What part of the brain is linked to Alzheimer’s? At first, Alzheimer’s disease typically destroys neurons and their connections in parts of the brain involved in memory, including the entorhinal cortex and hippocampus. It later affects areas in the cerebral cortex responsible for language, reasoning, and social behavior.
- Susceptibility-Weighted Imaging (SWI)
SWI revealed more extensive brain microhemorrhages than standard MRI techniques, allowing the radiologic diagnosis of cerebral amyloid angiopathy. SWI shows promise as a more sensitive diagnostic tool than standard brain MRI for the evaluation of patients with dementia. SWI MR brain imaging may have significant clinical application. The differential diagnosis of microhemorrhages would include hypertension, trauma and cavernomas. Cerebral amyloid angiopathy with microhemorrhages is known to be prevalent in patients with Alzheimer’s disease, but may be unrecognized on clinical evaluation and standard brain imaging. The demonstration of more numerous microhemorrhages on SWI, as compared to GE-T2*, may represent a more sensitive method for detecting cerebral amyloid angiopathy as a contributing factor to the patient’s dementia. Systematic and sequential studies using SWI to evaluate mild cognitive impairment and dementia may help elucidate the apparent relationship of cerebral amyloid angiopathy and microhemorrhages to Alzheimer’s disease.

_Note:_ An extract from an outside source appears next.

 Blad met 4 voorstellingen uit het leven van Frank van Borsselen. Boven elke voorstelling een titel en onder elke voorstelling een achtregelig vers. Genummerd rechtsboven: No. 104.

SWI may have significant utility in the clinical management of patients with dementia and Alzheimer’s disease as well as significant research applications to define the role of cerebral amyloid angiopathy and microhemorrhages in the pathophysiology of dementia.

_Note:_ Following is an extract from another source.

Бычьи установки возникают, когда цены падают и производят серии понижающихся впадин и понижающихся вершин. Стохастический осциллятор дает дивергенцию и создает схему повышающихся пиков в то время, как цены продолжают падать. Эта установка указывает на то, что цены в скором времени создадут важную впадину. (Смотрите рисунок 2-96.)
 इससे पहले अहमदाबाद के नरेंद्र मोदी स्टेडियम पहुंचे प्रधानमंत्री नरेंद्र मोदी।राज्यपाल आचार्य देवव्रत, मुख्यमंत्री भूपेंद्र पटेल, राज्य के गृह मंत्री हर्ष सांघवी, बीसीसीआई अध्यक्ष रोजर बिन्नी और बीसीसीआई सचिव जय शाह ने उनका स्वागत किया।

How do Alzheimer patients feel? Eventually, much of what we consider conscious thought disappears. But emotional aspects of the disease may be just as important, especially to the friends and family who serve as caregivers. On the negative side, Alzheimer’s sufferers may have feelings of anger, anxiety, depression, fear, and loneliness.
Machine Learning
Most approaches to machine learning from electronic health data can only predict a single endpoint. The ability to simultaneously simulate dozens of patient characteristics is a crucial step towards personalized medicine for Alzheimer’s disease. Processing large quantities of Alzheimer imaging is not an easy task, and researchers have turned their attention towards machine learning, a set of computer algorithms that automatically adapt their output towards the intended goal. Since AD is a complex disease showing heterogenous structural and functional changes at brain level, these techniques can lead to a deeper understanding of new aspects of AD progression. As a matter of fact, ML approaches are particularly sensitive to distributed disease-specific changes observed in many human structural and functional imaging studies. They are designed to identify patterns in data that differentiate between several classes. ML classification offers powerful prediction methods for the disease state of an individual.
What is the main cause of Alzheimer’s? Scientists don’t yet fully understand what causes Alzheimer’s disease in most people. The causes probably include a combination of age-related changes in the brain, along with genetic, environmental, and lifestyle factors.